The bells on the entrance-curtain tinkled. "Come in," I said, keeping my voice as steady as I could.


It was Yaotl, still garbed in his warrior's costume. He looked worse than before. The blue paint did not mask the dark circles under his eyes, or the paleness of his face. He cast a distant glance in Mihmatini's direction, but made no comment. "I heard you got into more trouble," he said.


I said nothing. There was nothing I could say. In the light, his eyes were huge, a reservoir of grief that spilled over into the Fifth World.

"She died just after dawn." Yaotl did not bother to sit. I thought he didn't want to remember that he was my social inferior; not now, not when his whole world seemed to come undone around him.

"I felt it," I said. I hesitated. I knew all the words, all the empty things one could say when Lord Death has taken his due. They meant nothing save comfort to the living. But Yaotl served the Duality, and he would know that death was part of the eternal balance, that destruction and creation were entwined like lovers, making and annihilating the world in an endless dance. "I can't believe she's gone," I said, settling for the truth.


Yaotl's lips thinned to a line. "Me neither. I keep expecting her to rise from her funeral mat and take charge." His gaze wandered again. "I hear you arrested the poisoner?"

"I think so," I said, cautiously.

"It's all over the palace." Yaotl's voice was grim.


"And Xahuia?" He didn't look as though he had caught her, but one never knew.


"Gone to ground, too well hidden."


I nodded. "Even if she wasn't guilty, I don't think her activities were entirely lawful."


Yaotl barked a short, unamused laugh. "Resisting arrest alone would have been enough. We found the paraphernalia of sorcery in her private rooms: mummified animals, dried women's hands, arms preserved in salt baths…"


"The Smoking Mirror?" I asked, thinking again of Nettoni's touch on my skin.

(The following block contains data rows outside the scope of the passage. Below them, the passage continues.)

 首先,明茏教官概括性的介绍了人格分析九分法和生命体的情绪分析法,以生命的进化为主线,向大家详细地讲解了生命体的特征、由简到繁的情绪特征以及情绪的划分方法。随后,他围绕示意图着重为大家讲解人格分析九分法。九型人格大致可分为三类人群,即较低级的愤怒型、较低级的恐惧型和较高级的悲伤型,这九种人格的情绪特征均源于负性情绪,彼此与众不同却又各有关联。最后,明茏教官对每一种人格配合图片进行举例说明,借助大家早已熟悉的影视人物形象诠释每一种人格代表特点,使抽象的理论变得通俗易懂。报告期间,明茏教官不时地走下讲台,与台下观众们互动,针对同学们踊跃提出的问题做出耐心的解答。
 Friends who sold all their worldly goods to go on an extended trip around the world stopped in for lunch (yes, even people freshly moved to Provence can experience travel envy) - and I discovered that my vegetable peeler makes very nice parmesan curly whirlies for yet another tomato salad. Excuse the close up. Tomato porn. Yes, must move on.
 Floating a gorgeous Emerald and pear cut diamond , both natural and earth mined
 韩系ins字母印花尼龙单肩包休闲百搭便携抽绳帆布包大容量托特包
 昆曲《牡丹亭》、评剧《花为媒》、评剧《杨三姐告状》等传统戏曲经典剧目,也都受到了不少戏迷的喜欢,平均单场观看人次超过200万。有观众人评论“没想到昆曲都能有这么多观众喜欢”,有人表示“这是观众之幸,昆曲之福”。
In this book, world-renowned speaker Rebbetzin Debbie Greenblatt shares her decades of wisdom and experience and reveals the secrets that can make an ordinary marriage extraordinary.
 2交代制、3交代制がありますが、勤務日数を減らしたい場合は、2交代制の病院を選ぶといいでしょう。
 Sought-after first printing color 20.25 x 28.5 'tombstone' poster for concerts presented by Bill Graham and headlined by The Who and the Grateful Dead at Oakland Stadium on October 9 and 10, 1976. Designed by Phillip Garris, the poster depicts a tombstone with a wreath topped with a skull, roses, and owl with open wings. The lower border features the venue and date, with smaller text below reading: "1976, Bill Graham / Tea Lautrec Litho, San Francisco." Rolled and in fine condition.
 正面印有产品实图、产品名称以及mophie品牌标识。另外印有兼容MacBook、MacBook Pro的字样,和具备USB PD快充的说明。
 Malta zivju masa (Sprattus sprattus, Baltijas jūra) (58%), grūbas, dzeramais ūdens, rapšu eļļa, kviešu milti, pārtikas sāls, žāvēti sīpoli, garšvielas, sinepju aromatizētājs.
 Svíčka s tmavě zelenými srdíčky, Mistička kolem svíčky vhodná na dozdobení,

"Yes," Yaotl said. "But nothing tied to the summoning of stardemons."


"I think that was Manatzpa," I said, feeling less and less convinced the more I thought about it. "You need to find her."

"I'm looking for her." Yaotl could barely hide his exasperation. "It's a big city, as you no doubt know."


I suddenly realised how we looked – two men meant to be allies, tearing at each other, no better or no worse than the rest of the Court. "Forgive me," I said. "It's been a long couple of days."

"For both of us." Yaotl smiled, a pale shadow of the terrible, mocking expressions he'd throw at me. There was no joy in it whatsoever.

Then again, I guessed I didn't look much better.


The heavy silence was broken by the jarring sound of bells struck together. Teomitl had lifted the entrance-curtain with his usual forcefulness, and was striding back into the room. He was followed by the servant I'd sent for a meal, who appeared much less eager.

"Acatl-tzin," Teomitl said.

I rose, gingerly, leaning on the wall for support. "I take it you were able to speak to him."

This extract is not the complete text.